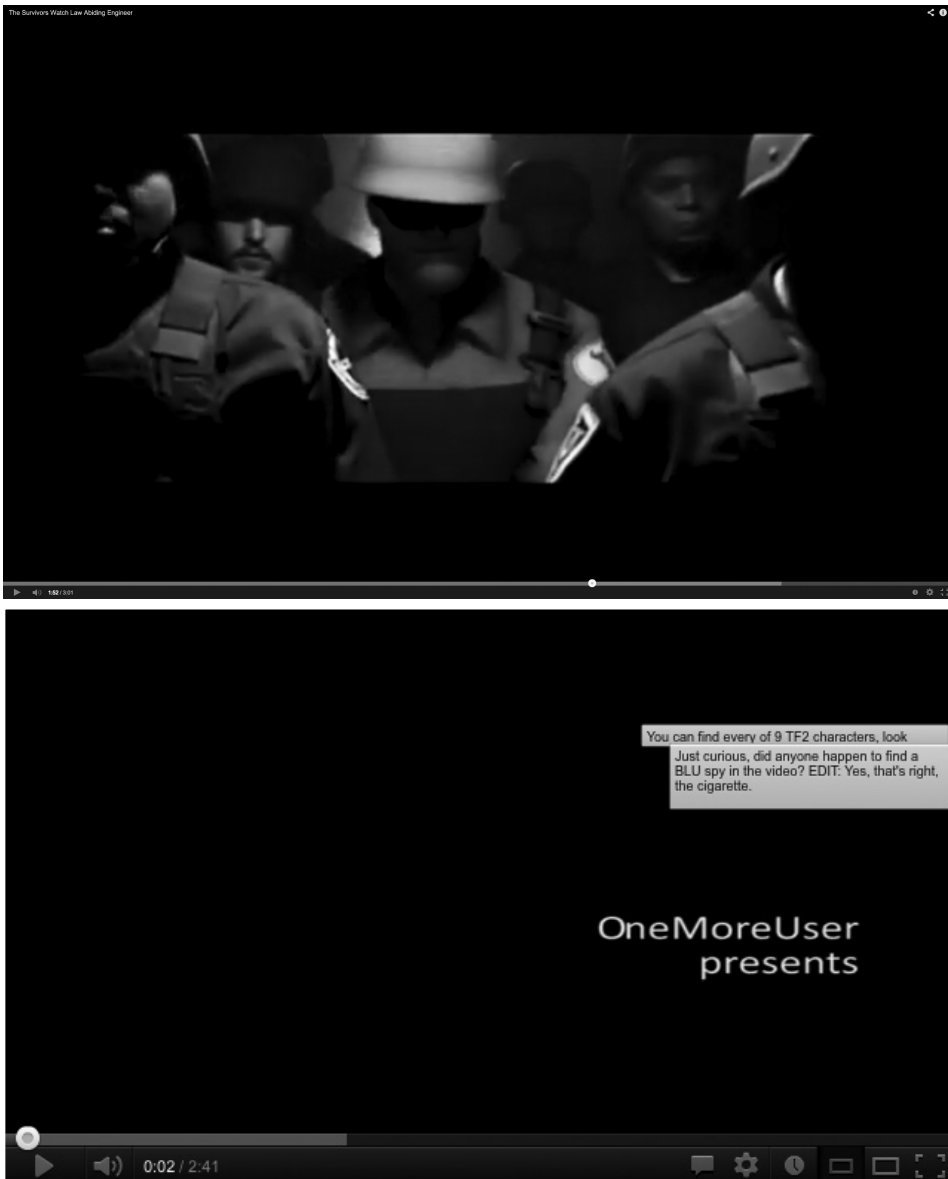
Figure 3 & 4. Team Fortress 2 – Law Abiding Engineer

when originally uploaded, did not call for community participation, but rather for skilful acknowledgement, as TrueOneMoreUser underlines by placing himself in the intro-credits as director and by declaring in the text below the video: “I proudly present my biggest animating/compositing project I ever did.” The majority of comments are also accolades to the creator’s visual and editing skills rather than comments related to the universe of the game or the everyday reflections. But TrueOneMoreUser has subsequently added text signs that address the YouTube community regarding the computer game characters encouraging them to socialize throughout, as can be seen in Figure 4, e.g.: “just curious, did anyone happen to find a BLU spy in the video?”. By adding these
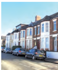
Edith Parnell HarbourView Road
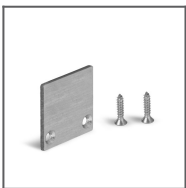
HR-OPTI-STN End cap Ref: 24387
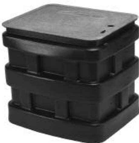
GLB1620 Grade Level Box
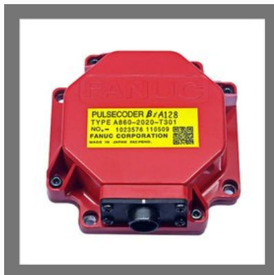
Funuc Encoder For CNC Machine
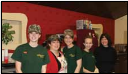
Student and parent volunteers helped make the show a great success!
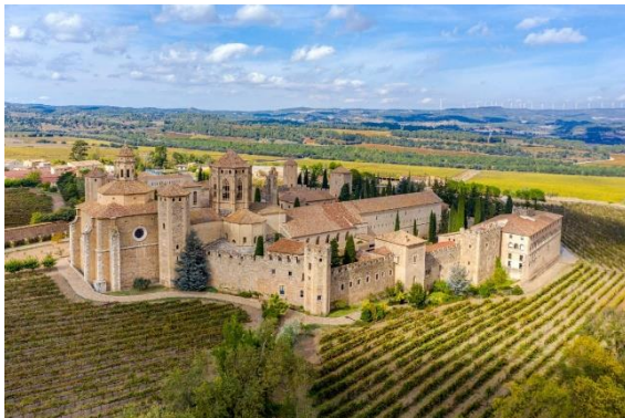
Photo Credits 13. https://saposyprincesas.elmundo.es/actividades-ninos/tarragona/cultura/monumentos/el-monasterio-de-santa-maria-de-poblet

More info: https://whc.unesco.org/en/list/518/ https://www.masblanchijove.com/en/the-vineyard/
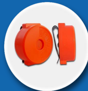
Belt Sensor with Man-down and SOS button (BLE)
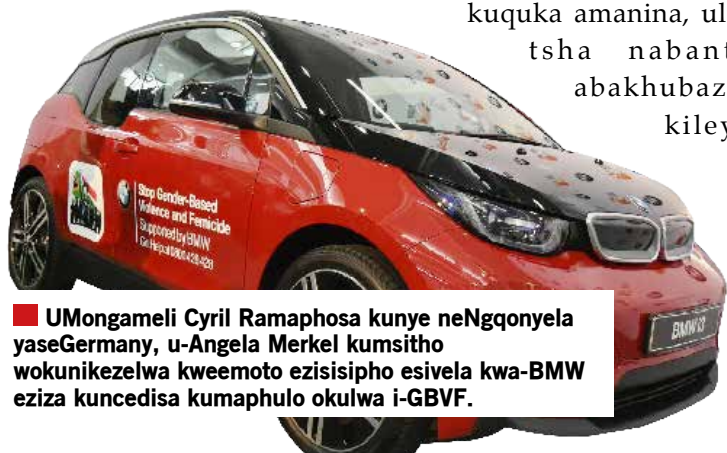
■ UMongameli Cyril Ramaphosa kunye neNgqonyela yaseGermany, u-Angela Merkel kumsitho wokunikezelwa kweemoto ezisisipho esivela kwa-BMW eziza kuncedisa kumaphulo okulwa i-GBVF.
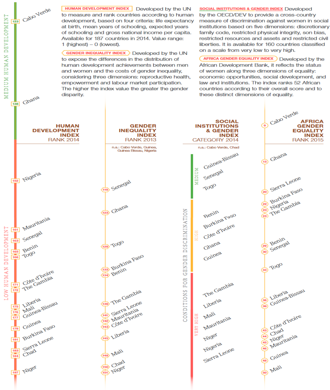
Figure 1: Gender equality indicators
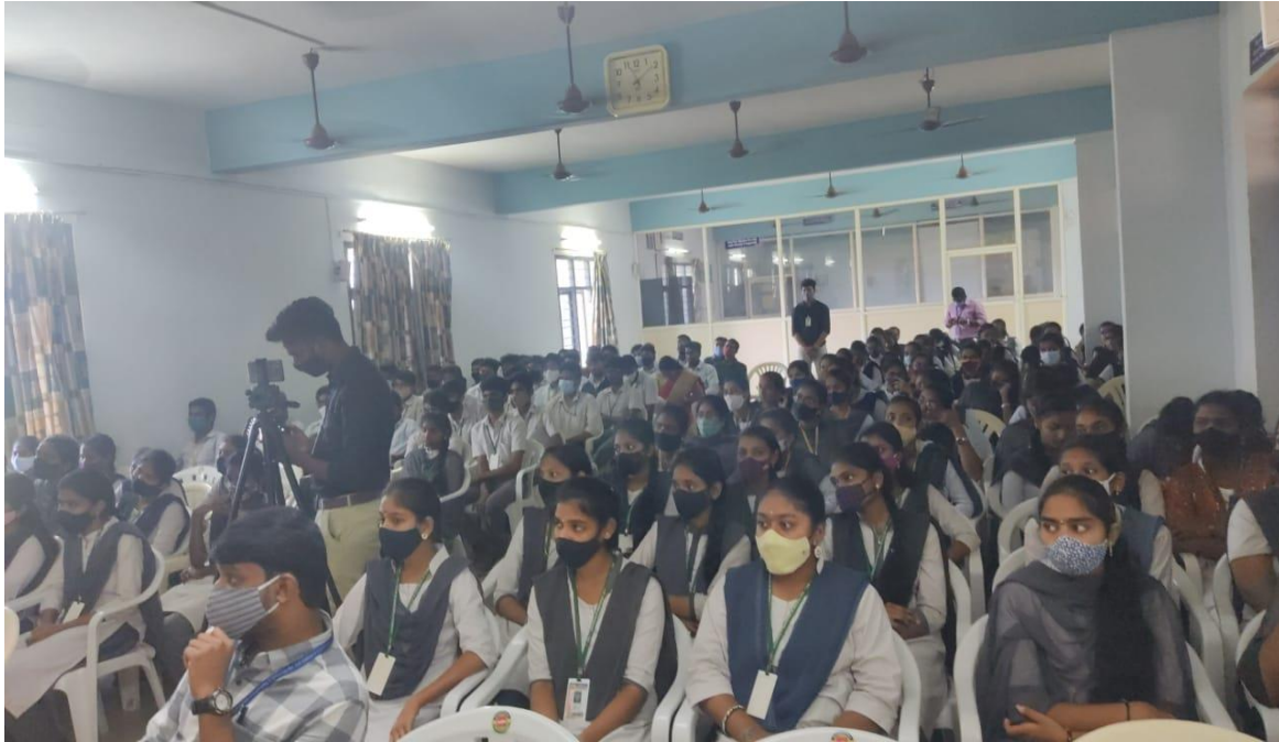
Gathering at Seminar Hall – 2.

------------------------------------------------

_Task description:_
Find the line containing "Funuc Encoder For CNC Machine" in the records above, then copy it and every line after it exactly, through the last one, without any pictures.

_Reply:_
Funuc Encoder For CNC Machine
Student and parent volunteers helped make the show a great success!
Photo Credits 13. https://saposyprincesas.elmundo.es/actividades-ninos/tarragona/cultura/monumentos/el-monasterio-de-santa-maria-de-poblet

More info: https://whc.unesco.org/en/list/518/ https://www.masblanchijove.com/en/the-vineyard/
Belt Sensor with Man-down and SOS button (BLE)
■ UMongameli Cyril Ramaphosa kunye neNgqonyela yaseGermany, u-Angela Merkel kumsitho wokunikezelwa kweemoto ezisisipho esivela kwa-BMW eziza kuncedisa kumaphulo okulwa i-GBVF.
Figure 1: Gender equality indicators
Gathering at Seminar Hall – 2.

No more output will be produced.